Closed Fianax closed 20 hours ago
Sorry, but there are limits as to what is recognizable / convertible in terms of header recognition. What we have is a simple font size analysis - not an engine with a semantical analysis in the background.
You can either completely omit header recognition via hdr_info=False
, or provide your own callback function which returns a string with multiple "#" characters upon being provided a text span and its Page
object.
The same argument hold true when we talk about header / footer identification: it is not there at all. All you can do is excluding rectangular stripes representing margins that you have to impose - there is no semantic analysis available.
Thank you.
But what I don't understand is what exactly is passed to the hdr_info
to modify the index calculation logic, I mean, I know it is a method that has to return something for the to_markdown
method to take it into account.
Do you have any very simple example of how it could be?
You must define either a function ("callable") or an object with a method called get_hdr_info
.
This callable is invoked with 2 parameters, a text span and its Page
object.
It must return either ""
("this is body text / no header"), or "#...# "
. The number of "#" in that string determines the header level - corresponding to HTML's header tags h1, ..., h6.
For the documentation of a text span see here.
Example:
def my_headers(span, page=None):
return ""
md = pymupdf4llm.to_markdown(..., hdr_info=my_headers, ...)
thank you very much, I close the issue
Hello again. I wanted to tell you about this new index behavior.
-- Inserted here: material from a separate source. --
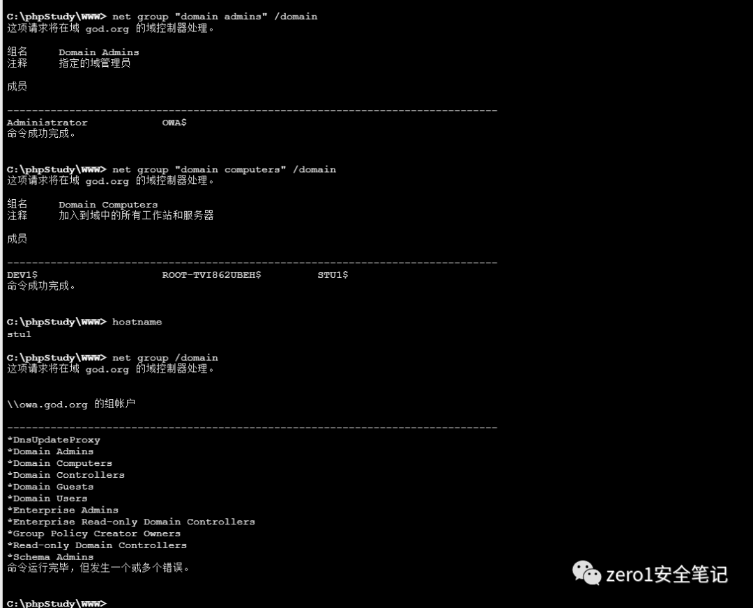 net group /domain 域内用户列表net group "domain computers" /domain 域内计算机列表net group "domain admins" /domain 域内管理员列表hostname 本机名称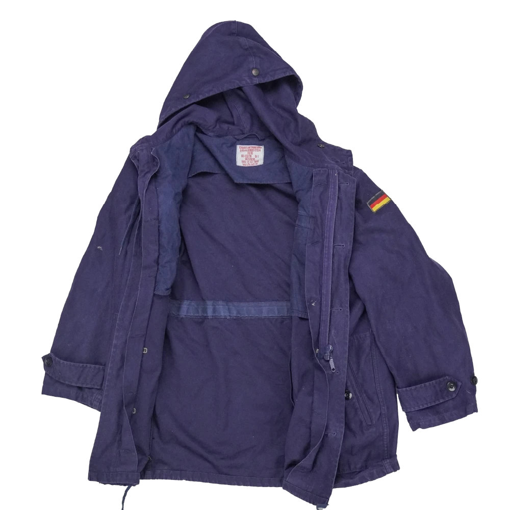 German Navy parka without liner in a small size. Full-length outer shell with a hood, front closure, and multiple front pockets.

In the version of pdf4llm==0.0.7 when in an index there were two different font sizes as in this pdf:
prueba_indice_distinto_tamaño.pdf
the result was this:
which was a result I thought was correct but in the pdf4llm==0.0.9 version it gives the following (attached result in markdown):
prueba_indice_distinto_tamaño_new_markdown.md
It also makes sense, I think, but this shape breaks the index because it divides it in two parts. Also, I imagine that if the title were longer and with more parts with different sizes, it would still divide it into more parts.
Is the index division of version 0.0.9 a good result?